Понадобилось время, прежде чем середина наполнилась содержанием: это происходило с изменением представлений об обществе, которые переросли дихотомические построения (верх-низ) или традиционные зиккураты иерархических лестниц, четко распределенных по рангам и сословиям. Основные перемены тут произошли в XVIII веке, придавшим вес и экономической буржуазии, и «людям пера». Из промежуточного пространства середина стала центром, тогда как далекие от новой экономической и культурной жизни области становились периферией. Но воспользоваться плодами этих перемен довелось уже веку XIX-му. Середина была естественной опцией для слоя, который видел в себе выразителя и посредника общности перед высшими инстанциями, будь то Бог, монарх или история.

Проблема возникала двоякая: какое же тут «свободное парение», если начинка сдавлена и снизу, и сверху? Недаром Карл Мангейм настаивал, что «экспериментирующую, развивающую в себе острую социальную восприимчивость <…> позицию может занимать не находящийся в некоем среднем положении класс, а только тот слой, который сравнительно мало связан с каким-либо классом и не имеет слишком прочных социальных корней».

Более приземленная проблема была в том, что на место середины претендовали другие, создавая конкуренцию. Только если старые элиты вели арьергардные бои, сходя с исторической сцены вместе со Старым порядком, то в данном случае борьба была за будущее: кто станет в авангарде прогресса? Основу социального престижа сердцевины общества Нового времени обеспечивали образование и капитал, Bildung und Besitz, intelligence et propriété. Вопрос на будущее касался содержания этого самого «и»: какой из капиталов важнее для нового общества и определяет облик среднего класса? Виртуальность составляла и силу, и ахиллесову пяту человека знания. Свое влияние он строил на отвлечениях, абстракциях, мифах, которые сам создавал и делал так, что в них верили. Но чтобы священный огонь занялся, как правило, требовались первоначальные инвестиции. «Другие», экономический средний класс, тоже вырос на умении обращаться с отвлеченным, абстрактным: в конце концов, как по-другому можно получать реальные блага за деньги – металлические кружки и тем более цветные кусочки бумаги с цифрами? Но за ним стоял весомый и зримый, а не эфемерный символический капитал.

Очки в этой большой игре Знайка набирал на подозрительном отношении к материальному, которое сопутствует высокой культуре. Обратная сторона золотого блеска mediocritas, противоречивость всякой середины – в ее синонимии с посредственностью. В корневом коде европейской культуры наряду с теплой серединой Античности было прописано словесами огненными и недвусмысленное предупреждение тому, кто ни холоден, ни горяч: «Изблюю тебя из уст Моих» (Откр. 3:15). Все это напряжение вылилось в противоречивость взаимоотношений людей знания с буржуазией, капитализмом, материализмом.

В англосаксонском мире само распространение понятия среднего класса (middle class) с середины XVIII века обусловлено революцией благосостояния в стремительно богатеющей империи, которая меняет приоритеты и ранги. Как отмечал в 1751 году писатель Генри Филдинг, ничто не изменило социальный порядок в Англии больше, нежели распространение коммерции (trade), которая «определила новый облик нации», и прежде всего ее среднего сословия (middle rank), определяемого как совокупность «профессионалов» и предпринимателей. С этого вроде бы первого упоминания середины XVIII века средний класс вместе с промышленной революцией начинает свое победное шествие по миру.
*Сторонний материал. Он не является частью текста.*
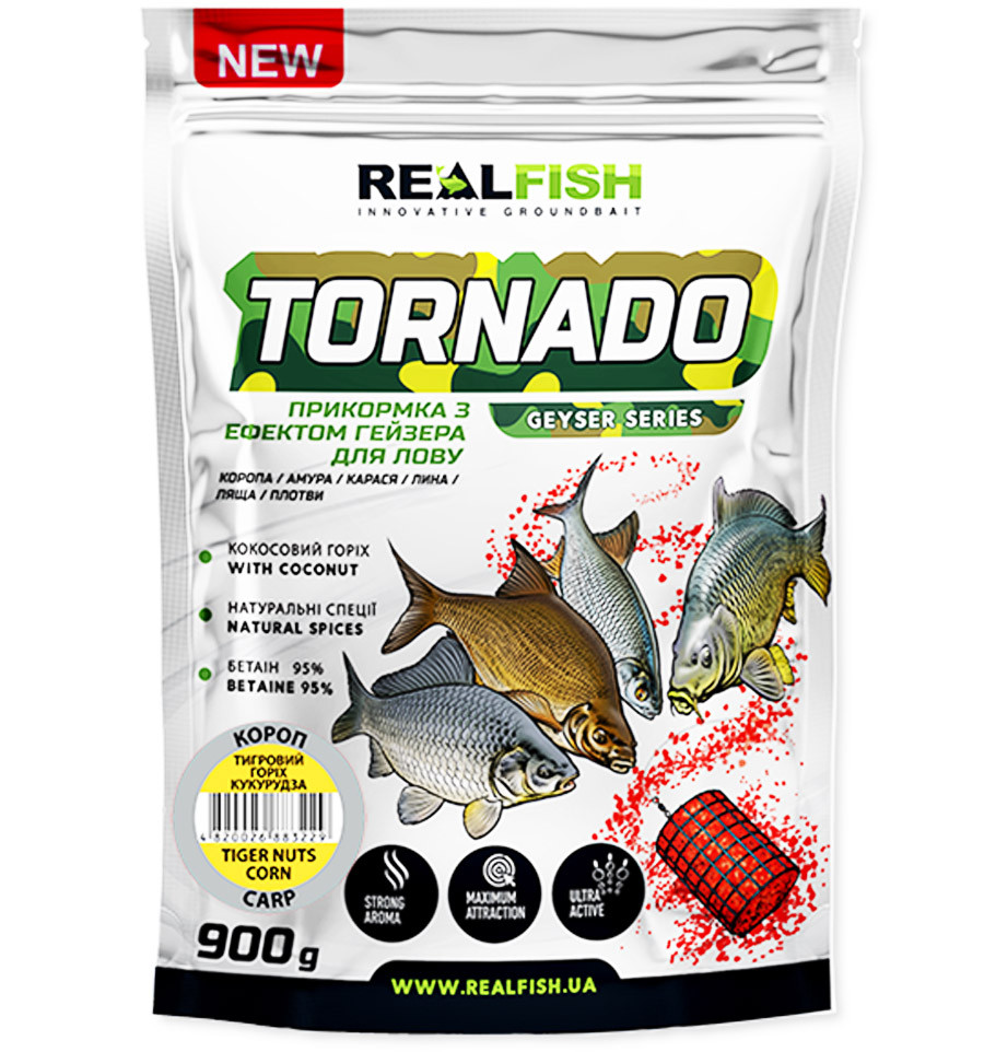 Серія TORNADO – прикормка з ефектом ГЕЙЗЕРА. Ця прикормка розроблялася в співпраці з найкращими та найзавзятішими риболовами з усіх куточків нашої країни. І нарешті можемо з гордістю вам представити дійсно довершену ідальну суміш. Завдяки поєднанню цих смаків, які підсилюють і доповнюють один одного - короп знайде вашу насадку дуже швидко.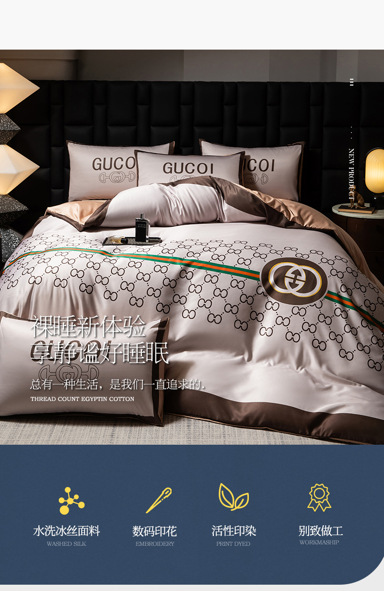 当前位置: 91家纺网 > 商品网购 > 床品套件 > 四件套 > 水洗真丝四件套 > 色鬼布艺 2025新款水洗真丝四件套水洗冰丝数码印花四件套 暮语
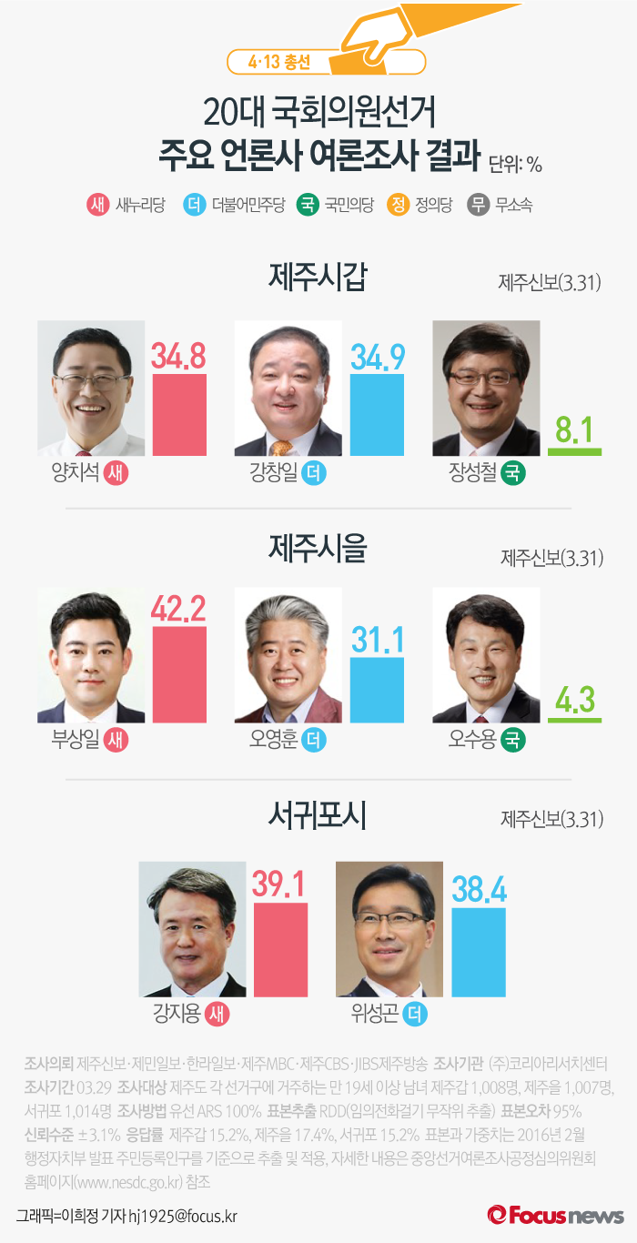 (서울=포커스뉴스) 제주신보와 제민일보, 한라일보, 제주MBC, 제주CBS, JIBS제주방송 등 제주지역 언론 6사가 ㈜코리아리서치센터에 의뢰해 31일 발표한 제주3곳(제주갑, 제주을, 서귀포)의 여론조사 실시했다.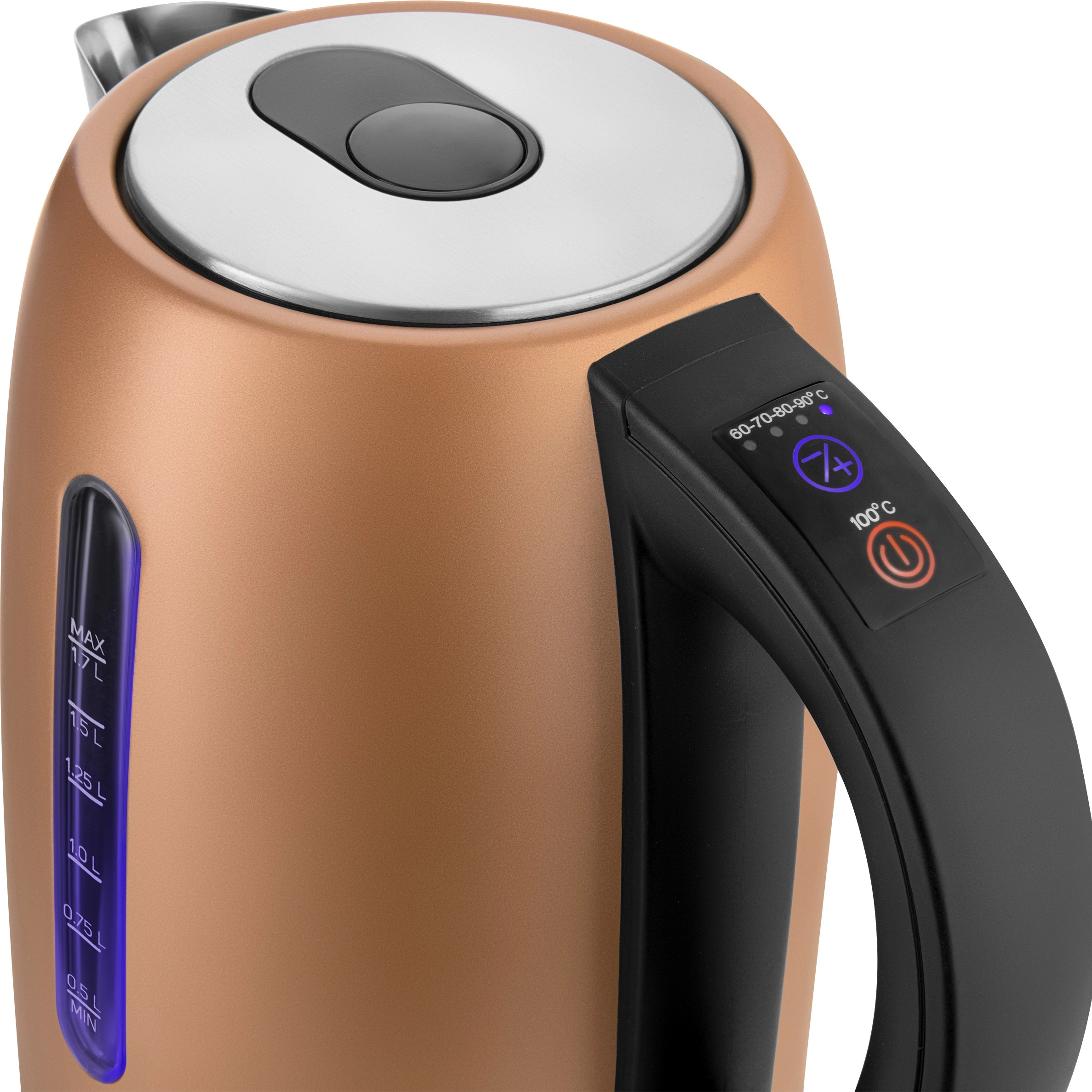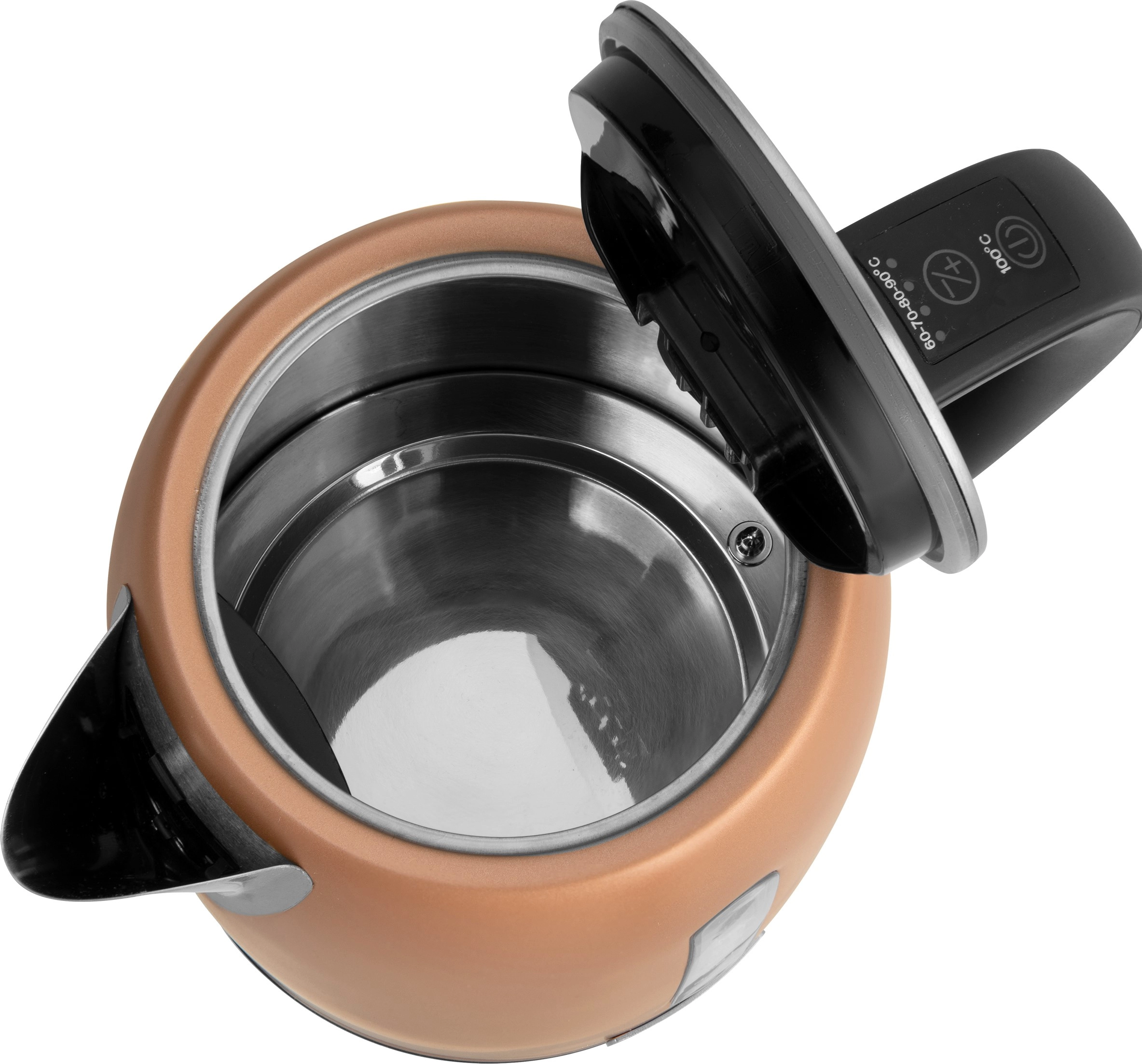 یکی از ویژگیهای منحصر به فرد این محصول، کنترل الکترونیکی دمای قابل تنظیم آن است. با امکان تنظیم دما در بازههای 60، 70، 80، 90 و 100 درجه سانتیگراد، کاربران میتوانند دمای آب را به دقت مطابق با نیاز خود تنظیم کنند. کتری SWK 7706 GD قابلیت گرم کردن آب تا دمای انتخابی را دارد. این ویژگی به کاربر این امکان را میدهد که آب را به دمای مورد نظر خود برساند و برای انواع مختلف نوشیدنیها و کاربردهای آشپزی مناسب باشد.

В колыбели среднего класса, англосаксонской культуре, не образуется особой социальной ткани интеллигенции, поскольку социализация образованных людей проходит по профессиональному критерию: professionals, academics. Делению на «имущих» и «образованных» на континенте тут соответствует разделение на «экономический» и «профессиональный» средний класс (professional middle class). Именно англосаксонская историческая традиция лежит в основе исследований интеллигенции как «профессионалов» (professional intellectual). Английская университетская среда также понимала себя в качестве профессиональной корпорации. Ей не требовалось представлять абстрактные сообщества народа или нации, имея вполне реальное политическое представительство: с 1603 года Оксфорд и Кембридж, а с 1868 года и Лондонский университет имели (до 1950) своих депутатов в парламенте.

У профессионала нет миссии, есть задача: ноу-хау, «спроси меня как». Визионерам, литераторам и философам английского и шотландского Просвещения в следующем, XIX веке наследовали лишь отдельные группы. Ближе всего к роли властителей дум были представители clerisy, светской образованной элиты вроде оксфордского эстета Мэтью Арнольда, который в те же переломные 1860‐е годы выпустил сборник «Культура и анархия». В ней он раскритиковал дух современности, сделав главным обвиняемым «мещанство» викторианского среднего класса. Англосаксонских «общественных моралистов» (public moralists) отличал нравственный посыл с отчетливой религиозной основой. Но хотя clerisy и переводится в «Вебстере» как «интеллигенция», до континентального ее статуса она никак не дотягивала.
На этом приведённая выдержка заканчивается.